Disclosure: I myself am an options newcomer. I've been using them for about a year now.

These are all options terms. They should be able and willing to answer all your questions on the paid boards, I'd think. Another board that could be of use is a specific newbie board on the free side of TMF:

http://boards.fool.com/options-beginners-113753.aspx?mid=310...

I do not know what a diagonal roll is. That's not a basic strategy to my knowledge.

A put is simply an options contract that obligates the holder to purchase 100 shares of underlying stock at a defined "strike" price.

A call is an options contract that obligates the holder to sell 100 shares of the underlying stock at a defined strike.

If you are bullish on a stock, BOTH can be used to your benefit. If you are bearish on a stock, BOTH can be used to your benefit.

The difference between them is which counterparty originates the bet. That defines who pays, and who collects cash compensation to accept the risk. It also defines who holds the power to force execution. Whoever pays for the transaction has the right to force execution.

How can both be used bullishly or bearishly? Well, both can used long or short. Options have two counterparties. If you sell ("write") a put, you collect cash in exchange for the risk of being forced to buy shares. You are the seller, and your brokerage account will actually show you as short that put.

You SELL a put, when you think that its underlying stock will rise. As the put seller, the buyer gives you cash up front to accept the risk of being committed to buying stock XYZ. Say that put has a $20 strike and XYZ goes to $30. Then you get to keep the cash. Free money = Bullish!

On the other side of the trade, a BUYER of a put is bearish. He's betting that the underlying stock will go down. He has the ability to force you to buy XYZ at $20. If it goes to $10, he can buy 100 shares of XYZ for $1000 and FORCE you to buy it from him for $2000. So, he's betting XYZ will fall and paying you to accept that bet. That $100 you got for writing the put doesn't look so good now... A $1000 gain less $100 of upfront money to buy the put = A win for the Bear!

A call is the Ying to a put's Yang.

You SELL a call to generate cash from XYZ, when you believe it won't go up. You get money up front and are obligated to sell 100 shares of ABC at a set strike. Say ABC is at $25 and it goes to $10. You get to keep the cash.

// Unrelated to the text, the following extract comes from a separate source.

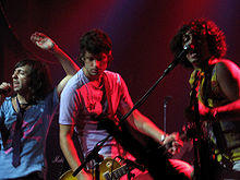 On the other hand, Babasónicos had in 1992 their first major breakthrough of their careers with the hit D-generación from their 1992 album Pasto, which would herald future international success for a band that would define the sound of "sonic" rock.[36] Juana La Loca was another band in the so-called sonic scene that started in the early 1990s and would breakthrough a few years later. The band that founded the Sonic Movement in Buenos Aires was Iguana Lovers, started in 1990.[37] Now with collaborations of the shoegaze[38] British indie Ride members, Mark Gardener and Loz Colbert, they were positioned as the most important new band of the Buenos Aires indie scene in 1991. Los Brujos would have a great year 1992; the single "Kanishka" was an instant chart-topper. Los Visitantes equalled the success of Los Brujos the next year with their album Salud Universal, an offbeat mix of guitar rock and tango tinges. Todos Tus Muertos was a punk response to the Argentine rock being made in the late 1980s, consciously choosing to be far more direct and explicit in their musical (and political) statements. The band gained rapid acclaim with the rise of New Rock, and were one of the favorite bands of the period. Slowly the group would evolve from their early punk to a more diverse style that include afro-Latin rhythms.

Your bearish stance wins you free cash.

The counterparty is giving you money and writing the call because he thinks that ABC will go up. He gives you $100, hoping that ABC goes to $50. If ABC goes to $50, he can FORCE you SELL him 100 shares of ABC for $2500. He can then sell them for $5000. $2500 in profit less $100 in cash upfront nets him $2400. A win for the guy bullish on ABC.

So, its not that one or the other is a bullish or bearish option. Both can be used by bulls or bears.

A short put position generates cash and is a BULLISH bet.

A long put position costs you cash and is a BEARISH bet.

A short call position generates cash and is a BEARISH bet.

A long call position costs you cash and is a BULLISH bet.

The difference between a put and call is really just who is getting paid to accept the risk that they might get forced to execute the contract.